Before it votes on this major extension of U.S. security guarantees to new nations, Congress should know that an accurate estimate of the cost has been made using defensible assumptions and methodology.


They also asserted that the forces of existing allies were better suited to defend new members than earlier thought. At the same time, NATO commanders suddenly claimed that the security threat to new members had declined during the brief period (less than one year) since the administration’s cost estimate was completed.

These miraculous revelations conveniently appeared just as embarrassed U.S. officials began to abandon their original estimate for even lower cost projections. To justify lower costs, they endorsed NATO figures predicting excessively low expansion‐​induced increases in alliance budgets — a mere $1.5 billion over 10 years — although they had rejected those figures earlier precisely because they were too low.

NATO’s bureaucracy states that the details behind that estimate are classified and will remain so indefinitely. This convenient suppression of information prevents outside experts from evaluating the estimate. What are the administration and NATO hiding?

In any cost estimate, the devil is in the detailed assumptions and methodology used. Only the Congressional Budget Office’s (CBO’s) cost estimate contained detailed assumptions and methodology. Even when that estimate is adjusted so as to be comparable with the administration’s — that is, using questionable assumptions of the Department of Defense — the projected costs are at least twice as high ($70 billion) as the administration’s first estimate. Using alternative assumptions, the CBO estimated that costs could rise to as much as $125 billion.

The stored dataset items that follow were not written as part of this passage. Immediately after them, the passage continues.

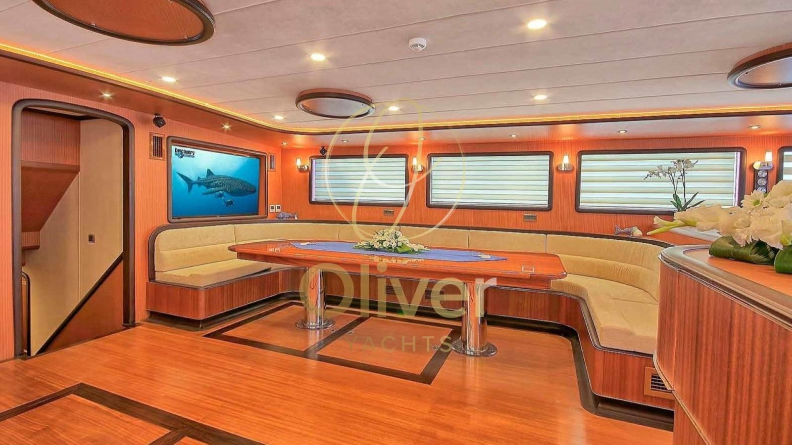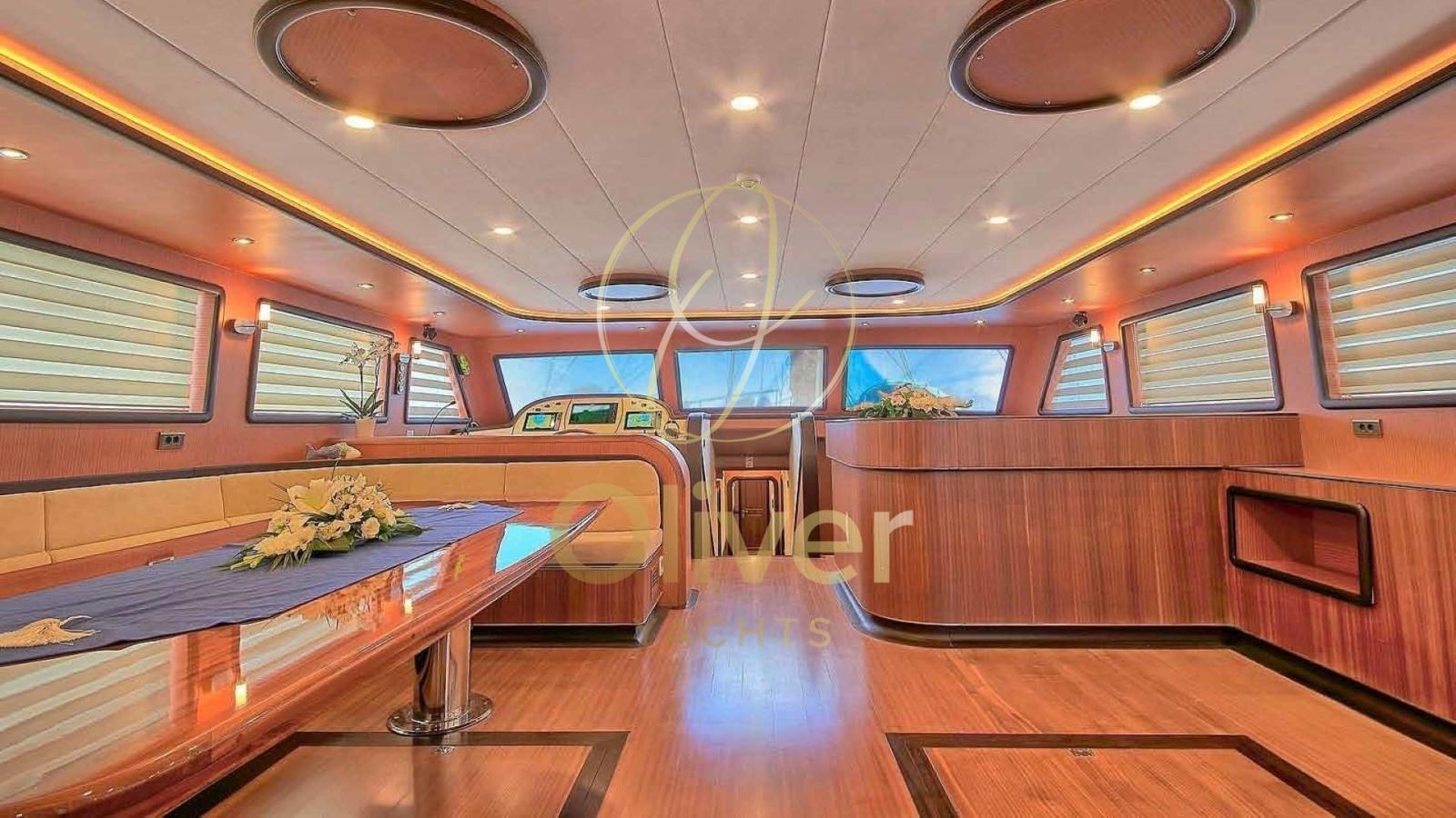 L’intérieur de ce bateau reflète un équilibre parfait entre élégance, confort et fonctionnalité, offrant un environnement raffiné et accueillant pour les clients. Conçues avec des matériaux de haute qualité, elles combinent du bois noble, des détails en acier et des tissus luxueux, créant une atmosphère sophistiquée et relaxante.
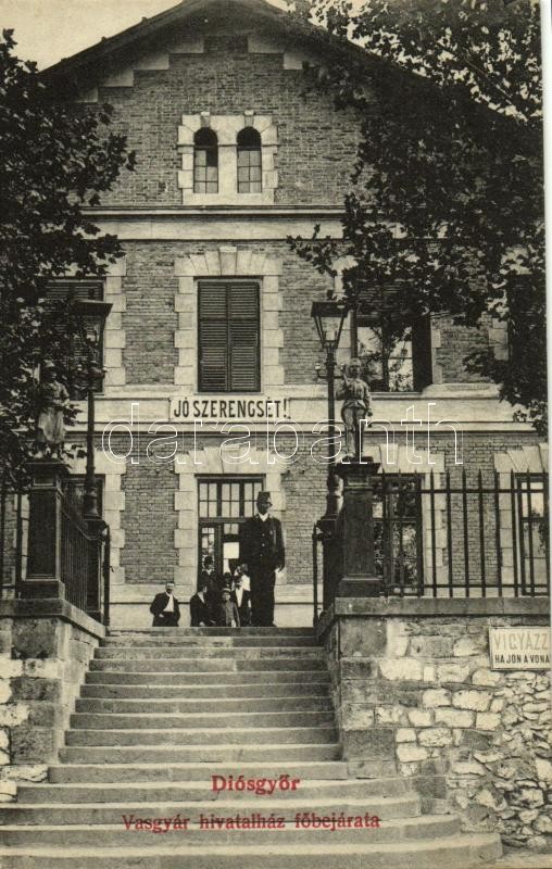 Beschreibung: Diósgyőr (Miskolc), Vasgyár hivatalház főbejárata "Jó szerencsét!" és "Vigyázz ha jön a vonat" táblákkal. Gedeon András kiadása
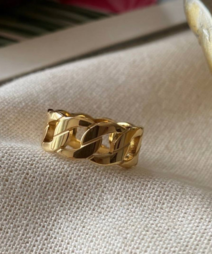 خاتم بتصميم مبتكر مكون من حلقات ذهبية مترابطة بشكل متماسك يضفي عليه مظهراً أنيقاً وعصرياً. يتميز بسطح لامع يعكس الضوء ليبرز بريقه الفخم، مع عرض متوسط يضمن الراحة والتميز عند الارتداء. مصنوع باللون الذهبي الدافئ الذي يضفي لمسة كلاسيكية عصرية في آن واحد. مثالي لمن يبحث عن تصميم بسيط لكنه ملفت للنظر. مطلي بالذهب عيار 18 مكفول سنة لتغير اللون.
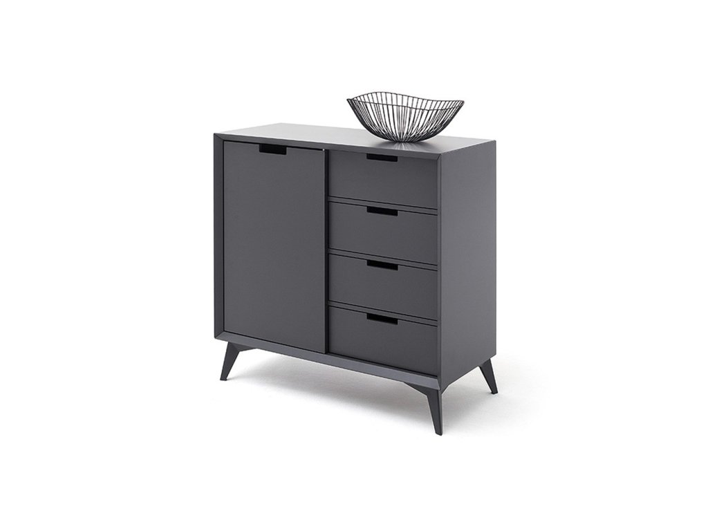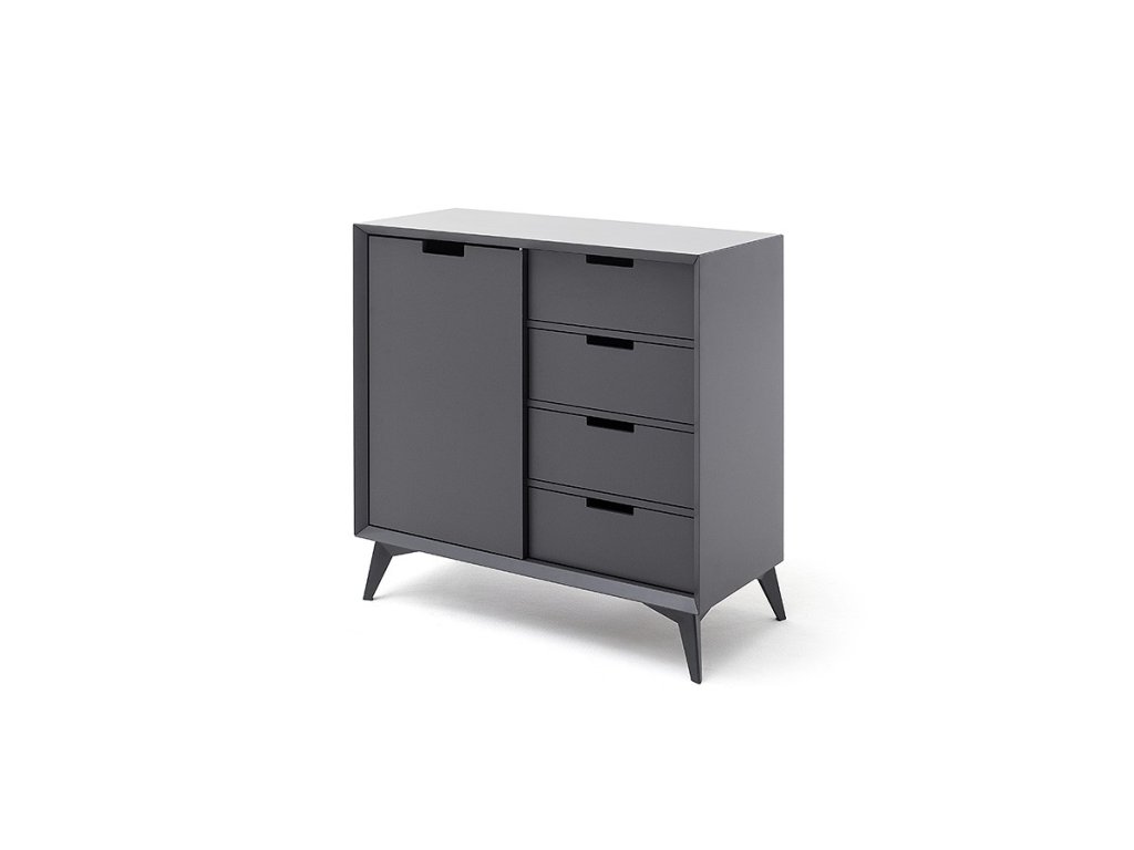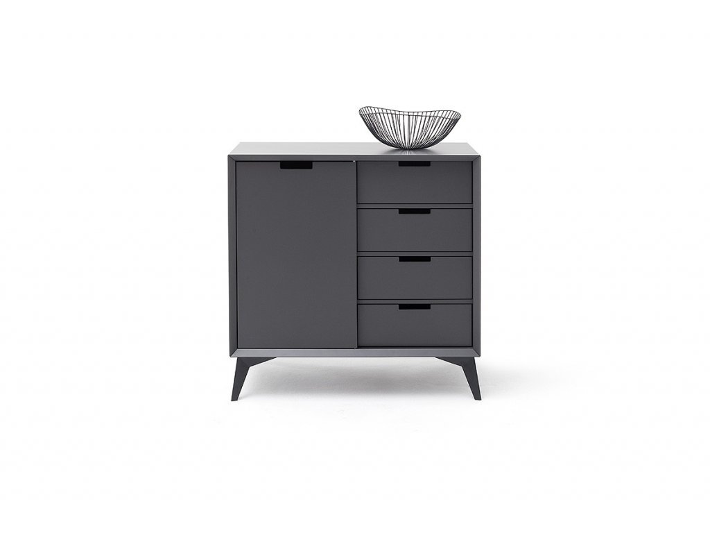 Nadčasová komoda v jedinečnom dizajne ktorý sa hlavne vyznačuje kombináciou farieb sivej a bielej. Komoda stojí na vyvýšených nohách čo umožňuje dobrý prístup pod komodu. Komoda disponuje skrinkami a zásuvkami.

The administration’s grossly inaccurate estimate of the costs for the operation in Bosnia should alert Congress and the public that the real costs of NATO expansion are likely to be much higher than the administration’s estimates. The administration initially estimated that the Bosnian operation would cost the United States about $2 billion. That total is now $8 billion and the meter is still running.

At the very least, the debate over costs should not be conducted in secrecy. Parliamentarians in other NATO countries have protested the security classification of NATO’s cost estimate. The U.S. Congress — the most powerful legislative body in the world, with constitutional prerogatives of advice and consent on treaties and the power of the purse — should do the same.

Before it votes on this major extension of U.S. security guarantees to new nations, Congress should know that an accurate estimate of the cost has been made using defensible assumptions and methodology. Given the administration’s history of inaccurate cost projections in other areas, the convenient suppression of details in the administration’s and NATO’s low cost estimates are serious warning signs indeed.